Haiti's former President Jovenel Moïse sits with his wife Martine during his swearing-in ceremony at Parliament in Port-au-Prince in February 2017.
CNN  — 

The wife of Haiti’s former President Jovenel Moïse, Martine Moïse, and the former prime minister Claude Joseph are among 51 people who have been indicted over the assassination of the former president, according to a 122-page document from the judge presiding over the investigation.

Moïse was assassinated in the presidential residence on July 7, 2021, after more than two dozen armed men swarmed the president’s compound. He was shot 12 times and killed. Mrs. Moïse was also shot multiple times but survived.

In the document, dated January 25 and made public by the online Haitian news site AyiboPost on Monday, Judge Walther Wesser Voltaire said Mrs. Moïse conspired with the former prime minister to replace the president.

The 51 people named in the indictment are facing charges ranging from complicity and criminal association, armed robbery, terrorism, assassination and crimes committed to the prejudice of former President Jovenel Moïse, it said. The order claims there is “serious and sufficient evidence” against those mentioned.

CNN has reached out to the office of Judge Voltaire to confirm the authenticity of the document.

PBY&A, the law firm representing Mrs. Moïse, insisted that the former first lady is innocent, saying, “She has no motivation for this attack, and her inclusion is supposedly based on her imperfect memory of the most traumatic night of her life … There is no basis in law or fact for Mrs. Moise to be charged for this crime and including her in this indictment is an embarrassment that further calls into question the legitimacy of the current Haitian government.”

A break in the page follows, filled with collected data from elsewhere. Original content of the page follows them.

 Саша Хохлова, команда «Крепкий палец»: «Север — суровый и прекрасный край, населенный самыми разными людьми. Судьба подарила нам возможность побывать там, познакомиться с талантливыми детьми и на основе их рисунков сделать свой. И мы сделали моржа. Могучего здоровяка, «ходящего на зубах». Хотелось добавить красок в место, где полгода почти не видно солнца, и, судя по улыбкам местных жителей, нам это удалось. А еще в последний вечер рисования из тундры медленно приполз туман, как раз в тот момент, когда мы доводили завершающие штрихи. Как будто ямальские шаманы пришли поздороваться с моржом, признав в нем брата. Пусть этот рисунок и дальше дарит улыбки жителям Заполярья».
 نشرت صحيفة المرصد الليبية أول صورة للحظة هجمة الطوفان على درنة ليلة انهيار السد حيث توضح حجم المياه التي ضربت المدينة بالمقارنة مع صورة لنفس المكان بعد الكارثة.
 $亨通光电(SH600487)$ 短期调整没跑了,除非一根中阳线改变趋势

“We will vigorously defend against these ridiculous and unjust charges against Mrs. Moise,” Paul Turner, a partner at PBY&A who represents Mrs. Moïse, said in a statement to CNN.

Speaking to CNN a month after her husband’s assassination, Martine Moïse described the details of the night the former president was killed and called on the UN to help bring the perpetrators to justice.

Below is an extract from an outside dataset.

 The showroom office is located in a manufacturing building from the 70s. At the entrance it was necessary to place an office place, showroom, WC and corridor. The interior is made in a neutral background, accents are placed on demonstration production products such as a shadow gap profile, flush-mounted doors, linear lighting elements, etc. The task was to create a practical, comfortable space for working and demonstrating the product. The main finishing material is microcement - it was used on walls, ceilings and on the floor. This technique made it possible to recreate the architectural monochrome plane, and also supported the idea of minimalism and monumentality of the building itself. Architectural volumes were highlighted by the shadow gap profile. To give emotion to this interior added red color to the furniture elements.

“Once they shot the president, that’s when I thought, ‘It’s over for both of us.’ And I closed my eyes, you know, I didn’t think about anything else. I thought, ‘It’s over. This our last day,’” she told CNN in 2021.

The judge called for the arrest and trials of those charged.

Haiti's former prime minister Claude Joseph in Port-au-Prince in July 2021.

In a statement following the release of the order, the former prime minister Claude Joseph denied his involvement in the assassination and accused the current Prime Minister Ariel Henry of “weaponizing the Haitian justice system.”

“They failed to kill me and Martine Moïse on July 7, 2021, now they are using the Haitian justice system to advance their Machiavellian agenda,” Joseph said. “I will not give up my fight against a government that has been killing the Haitian people.”

Joseph said he called for international assistance to the investigation while serving as Haiti’s interim prime minister following Moïse’s assassination and that he has repeatedly called for justice to be served.

The prime minister’s office denied that Henry had a hand in the judge’s decision.

“The examining magistrate is independent and has the means to conduct his investigation in complete freedom. The prime minister has no direct relationship with the examining magistrate, nor does he control him. The judge remains free to issue his order in accordance with the law and his conscience,” Jean-Junior Joseph, spokesman for the prime minister, told CNN.

Haitian authorities have arrested at least 44 people in connection with the assassination, including at least 20 Colombians. Prosecutors in the United States have also brought charges against 11 men who allegedly conspired in the plot, according to the US State Department.

Haiti has faced a surge in gang-related violence in recent years, which has cut off vital supply chains and forced some 200,000 people to flee their homes in the capital Port-Au-Prince. Earlier this month, Henry urged calm after three days of violent protests demanding him to step down as frustration grows over gang violence, poverty and his failture to organize general elections.